● **What the task asks**
In the records below, find the line containing "この承認に伴いまして、会則第" and the line containing "Dr. MARKUS SÖDER, MdB"; please repeat exactly the lines from one to the other, both included, and nothing more.

● **Input data**
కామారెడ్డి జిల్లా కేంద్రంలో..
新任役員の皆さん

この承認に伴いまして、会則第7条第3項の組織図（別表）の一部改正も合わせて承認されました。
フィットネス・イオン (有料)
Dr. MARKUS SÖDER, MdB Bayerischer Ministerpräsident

---

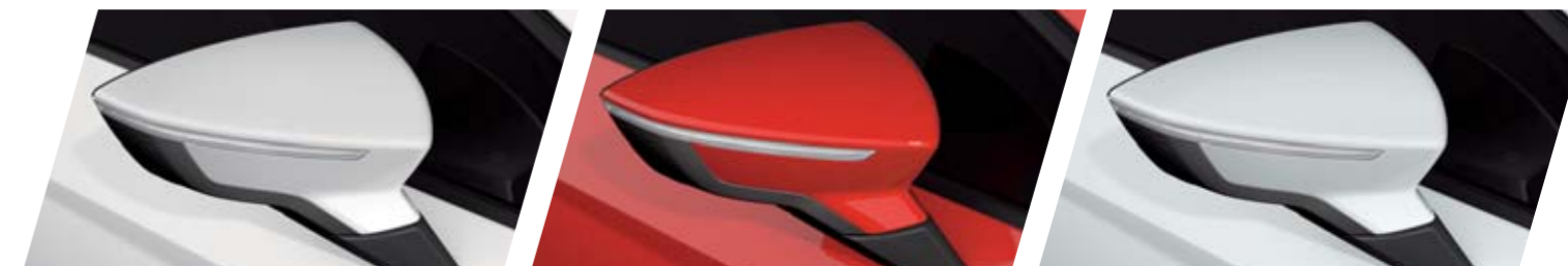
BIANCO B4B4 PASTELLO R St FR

● **Task answer**
この承認に伴いまして、会則第7条第3項の組織図（別表）の一部改正も合わせて承認されました。
フィットネス・イオン (有料)
Dr. MARKUS SÖDER, MdB Bayerischer Ministerpräsident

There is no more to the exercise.